From the first line down to the one containing "Wurzel Ansatz war", reproduce the entries below exactly and leave out the pictures.
╔══
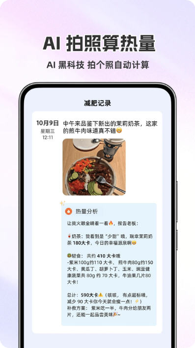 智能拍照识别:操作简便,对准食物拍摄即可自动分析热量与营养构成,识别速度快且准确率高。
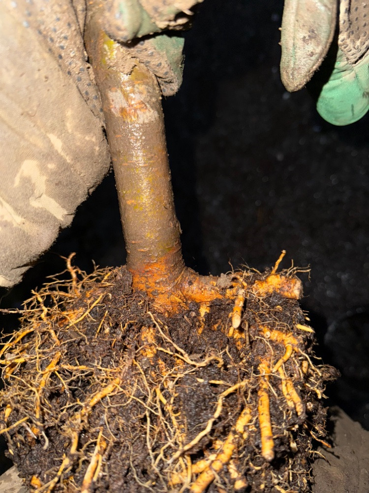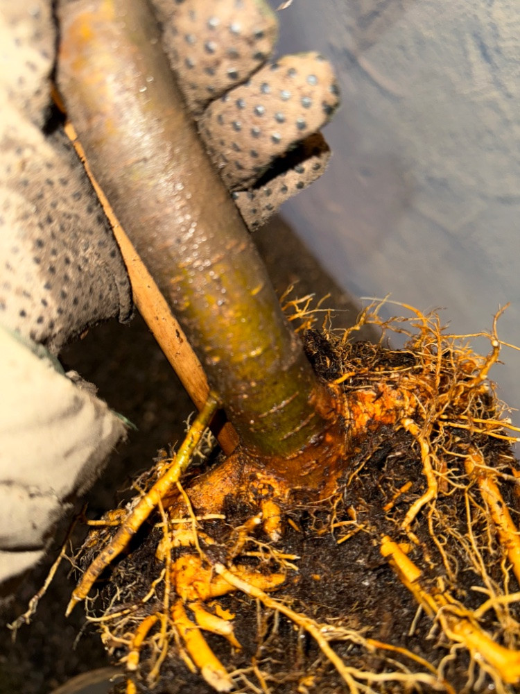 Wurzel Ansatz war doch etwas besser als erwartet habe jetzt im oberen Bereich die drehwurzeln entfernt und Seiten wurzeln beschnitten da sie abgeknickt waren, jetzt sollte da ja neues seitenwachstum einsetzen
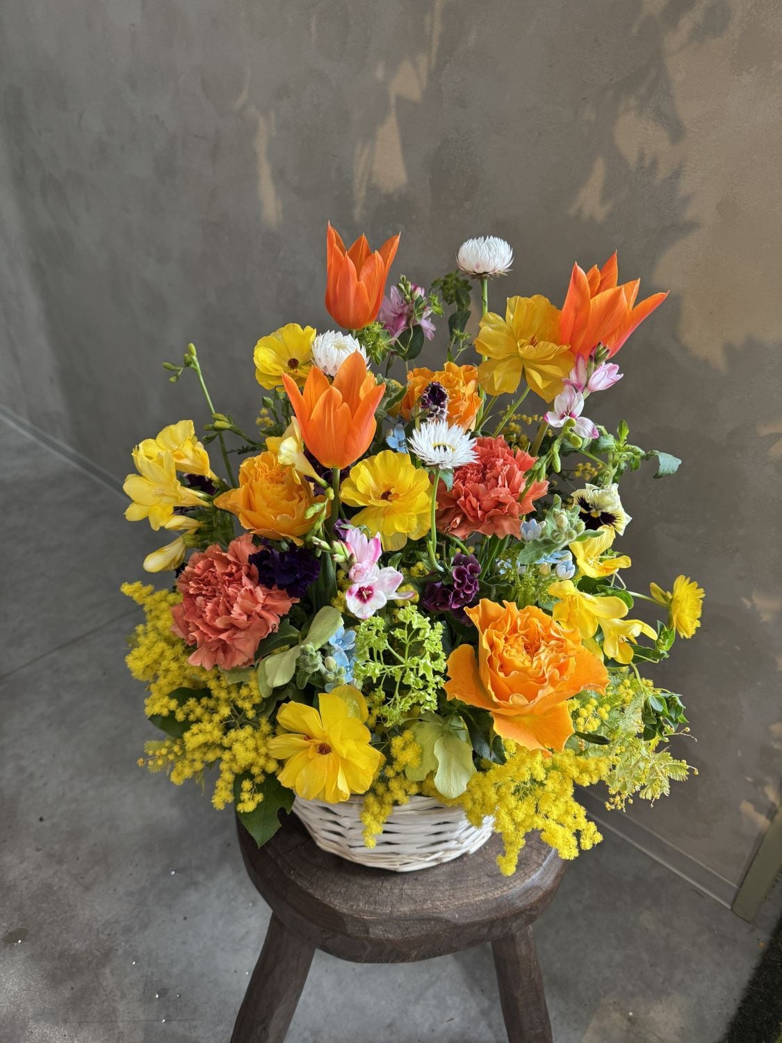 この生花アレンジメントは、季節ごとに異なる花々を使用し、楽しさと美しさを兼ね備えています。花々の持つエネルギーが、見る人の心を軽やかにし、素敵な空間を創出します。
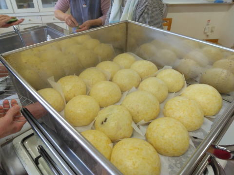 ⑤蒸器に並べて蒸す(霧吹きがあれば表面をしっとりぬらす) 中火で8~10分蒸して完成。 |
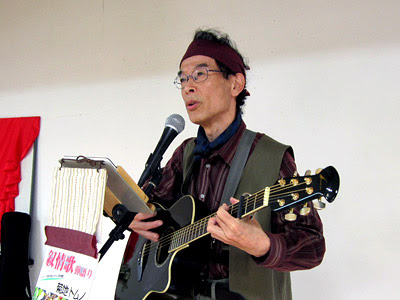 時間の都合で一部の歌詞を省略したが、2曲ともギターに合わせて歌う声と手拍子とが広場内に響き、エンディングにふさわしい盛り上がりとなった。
╚══
The answer:
 智能拍照识别:操作简便,对准食物拍摄即可自动分析热量与营养构成,识别速度快且准确率高。
 Wurzel Ansatz war doch etwas besser als erwartet habe jetzt im oberen Bereich die drehwurzeln entfernt und Seiten wurzeln beschnitten da sie abgeknickt waren, jetzt sollte da ja neues seitenwachstum einsetzen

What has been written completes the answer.